What is required =>
What is wanted is every line below from the one with "食べごろに追熟させたラ・フラ" up to and including the one with "В наборе 9 маркеров", retyped exactly, pictures excluded, nothing else.

Provided records =>
--
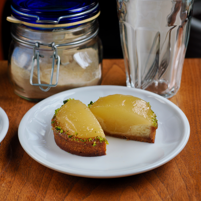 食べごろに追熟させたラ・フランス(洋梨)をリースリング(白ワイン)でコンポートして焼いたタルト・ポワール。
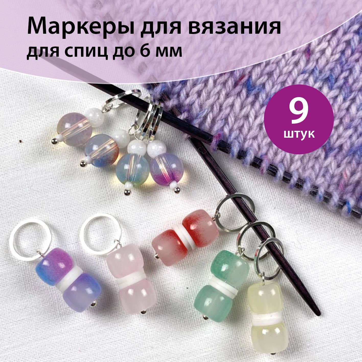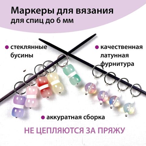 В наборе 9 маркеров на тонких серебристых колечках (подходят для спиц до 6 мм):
--
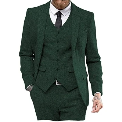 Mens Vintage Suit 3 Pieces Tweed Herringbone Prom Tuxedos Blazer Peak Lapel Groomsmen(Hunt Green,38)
--
Written answer =>
 食べごろに追熟させたラ・フランス(洋梨)をリースリング(白ワイン)でコンポートして焼いたタルト・ポワール。
 В наборе 9 маркеров на тонких серебристых колечках (подходят для спиц до 6 мм):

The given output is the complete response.